*** Data section ***
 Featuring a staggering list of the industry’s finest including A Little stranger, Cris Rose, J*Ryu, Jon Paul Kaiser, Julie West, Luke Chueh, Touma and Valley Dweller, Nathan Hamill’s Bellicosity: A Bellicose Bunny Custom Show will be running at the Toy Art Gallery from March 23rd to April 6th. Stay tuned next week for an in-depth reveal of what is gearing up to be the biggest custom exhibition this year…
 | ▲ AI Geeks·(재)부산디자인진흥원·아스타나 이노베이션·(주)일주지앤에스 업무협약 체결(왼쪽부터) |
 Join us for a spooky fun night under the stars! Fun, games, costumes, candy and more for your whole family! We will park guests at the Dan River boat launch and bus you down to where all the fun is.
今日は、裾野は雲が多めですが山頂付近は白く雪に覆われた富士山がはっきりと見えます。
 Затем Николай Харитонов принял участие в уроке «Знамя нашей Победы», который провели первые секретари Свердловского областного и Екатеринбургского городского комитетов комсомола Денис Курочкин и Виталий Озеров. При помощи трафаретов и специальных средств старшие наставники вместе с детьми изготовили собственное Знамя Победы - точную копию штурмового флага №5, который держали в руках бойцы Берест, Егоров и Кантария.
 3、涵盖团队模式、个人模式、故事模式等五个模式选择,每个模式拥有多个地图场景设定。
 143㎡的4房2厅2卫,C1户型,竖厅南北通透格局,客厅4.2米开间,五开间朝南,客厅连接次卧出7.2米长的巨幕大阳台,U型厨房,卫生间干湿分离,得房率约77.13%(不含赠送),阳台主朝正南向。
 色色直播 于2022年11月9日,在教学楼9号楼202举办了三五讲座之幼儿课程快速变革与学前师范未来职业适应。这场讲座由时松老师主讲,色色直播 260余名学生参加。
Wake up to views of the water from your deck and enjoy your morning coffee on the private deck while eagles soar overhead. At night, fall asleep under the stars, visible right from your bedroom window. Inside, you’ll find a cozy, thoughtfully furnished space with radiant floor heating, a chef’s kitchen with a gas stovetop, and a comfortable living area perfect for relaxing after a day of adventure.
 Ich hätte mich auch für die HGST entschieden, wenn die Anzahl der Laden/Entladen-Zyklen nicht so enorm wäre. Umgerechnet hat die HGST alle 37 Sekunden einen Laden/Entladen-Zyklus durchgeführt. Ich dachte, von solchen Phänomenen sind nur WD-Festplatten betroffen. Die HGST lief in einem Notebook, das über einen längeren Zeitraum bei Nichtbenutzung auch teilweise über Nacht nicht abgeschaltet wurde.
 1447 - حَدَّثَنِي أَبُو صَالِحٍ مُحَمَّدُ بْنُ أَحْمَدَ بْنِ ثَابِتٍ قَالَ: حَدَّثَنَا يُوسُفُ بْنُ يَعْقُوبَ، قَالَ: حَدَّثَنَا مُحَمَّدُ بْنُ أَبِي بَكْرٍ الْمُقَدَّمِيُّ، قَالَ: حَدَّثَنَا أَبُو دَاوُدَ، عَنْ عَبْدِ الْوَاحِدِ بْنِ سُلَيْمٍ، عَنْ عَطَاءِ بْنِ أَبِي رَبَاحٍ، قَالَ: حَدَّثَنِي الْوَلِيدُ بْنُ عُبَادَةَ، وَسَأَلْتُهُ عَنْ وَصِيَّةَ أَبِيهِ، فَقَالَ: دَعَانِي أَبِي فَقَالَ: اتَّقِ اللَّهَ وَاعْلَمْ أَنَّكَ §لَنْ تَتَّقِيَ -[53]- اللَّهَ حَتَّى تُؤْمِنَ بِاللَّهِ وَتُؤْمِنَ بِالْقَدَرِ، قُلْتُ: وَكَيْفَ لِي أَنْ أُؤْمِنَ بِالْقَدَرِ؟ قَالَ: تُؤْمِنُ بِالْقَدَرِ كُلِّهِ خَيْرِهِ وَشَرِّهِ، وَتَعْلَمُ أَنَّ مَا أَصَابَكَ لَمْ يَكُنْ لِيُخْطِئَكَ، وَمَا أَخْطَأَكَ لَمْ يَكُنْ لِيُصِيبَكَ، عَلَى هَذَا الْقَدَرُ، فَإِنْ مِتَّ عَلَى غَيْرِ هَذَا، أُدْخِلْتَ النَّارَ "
***
- **What to do**
Every line above must appear again in your reply, exactly as written.

- **Answer box**
 Featuring a staggering list of the industry’s finest including A Little stranger, Cris Rose, J*Ryu, Jon Paul Kaiser, Julie West, Luke Chueh, Touma and Valley Dweller, Nathan Hamill’s Bellicosity: A Bellicose Bunny Custom Show will be running at the Toy Art Gallery from March 23rd to April 6th. Stay tuned next week for an in-depth reveal of what is gearing up to be the biggest custom exhibition this year…
 | ▲ AI Geeks·(재)부산디자인진흥원·아스타나 이노베이션·(주)일주지앤에스 업무협약 체결(왼쪽부터) |
 Join us for a spooky fun night under the stars! Fun, games, costumes, candy and more for your whole family! We will park guests at the Dan River boat launch and bus you down to where all the fun is.
今日は、裾野は雲が多めですが山頂付近は白く雪に覆われた富士山がはっきりと見えます。
 Затем Николай Харитонов принял участие в уроке «Знамя нашей Победы», который провели первые секретари Свердловского областного и Екатеринбургского городского комитетов комсомола Денис Курочкин и Виталий Озеров. При помощи трафаретов и специальных средств старшие наставники вместе с детьми изготовили собственное Знамя Победы - точную копию штурмового флага №5, который держали в руках бойцы Берест, Егоров и Кантария.
 3、涵盖团队模式、个人模式、故事模式等五个模式选择,每个模式拥有多个地图场景设定。
 143㎡的4房2厅2卫,C1户型,竖厅南北通透格局,客厅4.2米开间,五开间朝南,客厅连接次卧出7.2米长的巨幕大阳台,U型厨房,卫生间干湿分离,得房率约77.13%(不含赠送),阳台主朝正南向。
 色色直播 于2022年11月9日,在教学楼9号楼202举办了三五讲座之幼儿课程快速变革与学前师范未来职业适应。这场讲座由时松老师主讲,色色直播 260余名学生参加。
Wake up to views of the water from your deck and enjoy your morning coffee on the private deck while eagles soar overhead. At night, fall asleep under the stars, visible right from your bedroom window. Inside, you’ll find a cozy, thoughtfully furnished space with radiant floor heating, a chef’s kitchen with a gas stovetop, and a comfortable living area perfect for relaxing after a day of adventure.
 Ich hätte mich auch für die HGST entschieden, wenn die Anzahl der Laden/Entladen-Zyklen nicht so enorm wäre. Umgerechnet hat die HGST alle 37 Sekunden einen Laden/Entladen-Zyklus durchgeführt. Ich dachte, von solchen Phänomenen sind nur WD-Festplatten betroffen. Die HGST lief in einem Notebook, das über einen längeren Zeitraum bei Nichtbenutzung auch teilweise über Nacht nicht abgeschaltet wurde.
 1447 - حَدَّثَنِي أَبُو صَالِحٍ مُحَمَّدُ بْنُ أَحْمَدَ بْنِ ثَابِتٍ قَالَ: حَدَّثَنَا يُوسُفُ بْنُ يَعْقُوبَ، قَالَ: حَدَّثَنَا مُحَمَّدُ بْنُ أَبِي بَكْرٍ الْمُقَدَّمِيُّ، قَالَ: حَدَّثَنَا أَبُو دَاوُدَ، عَنْ عَبْدِ الْوَاحِدِ بْنِ سُلَيْمٍ، عَنْ عَطَاءِ بْنِ أَبِي رَبَاحٍ، قَالَ: حَدَّثَنِي الْوَلِيدُ بْنُ عُبَادَةَ، وَسَأَلْتُهُ عَنْ وَصِيَّةَ أَبِيهِ، فَقَالَ: دَعَانِي أَبِي فَقَالَ: اتَّقِ اللَّهَ وَاعْلَمْ أَنَّكَ §لَنْ تَتَّقِيَ -[53]- اللَّهَ حَتَّى تُؤْمِنَ بِاللَّهِ وَتُؤْمِنَ بِالْقَدَرِ، قُلْتُ: وَكَيْفَ لِي أَنْ أُؤْمِنَ بِالْقَدَرِ؟ قَالَ: تُؤْمِنُ بِالْقَدَرِ كُلِّهِ خَيْرِهِ وَشَرِّهِ، وَتَعْلَمُ أَنَّ مَا أَصَابَكَ لَمْ يَكُنْ لِيُخْطِئَكَ، وَمَا أَخْطَأَكَ لَمْ يَكُنْ لِيُصِيبَكَ، عَلَى هَذَا الْقَدَرُ، فَإِنْ مِتَّ عَلَى غَيْرِ هَذَا، أُدْخِلْتَ النَّارَ "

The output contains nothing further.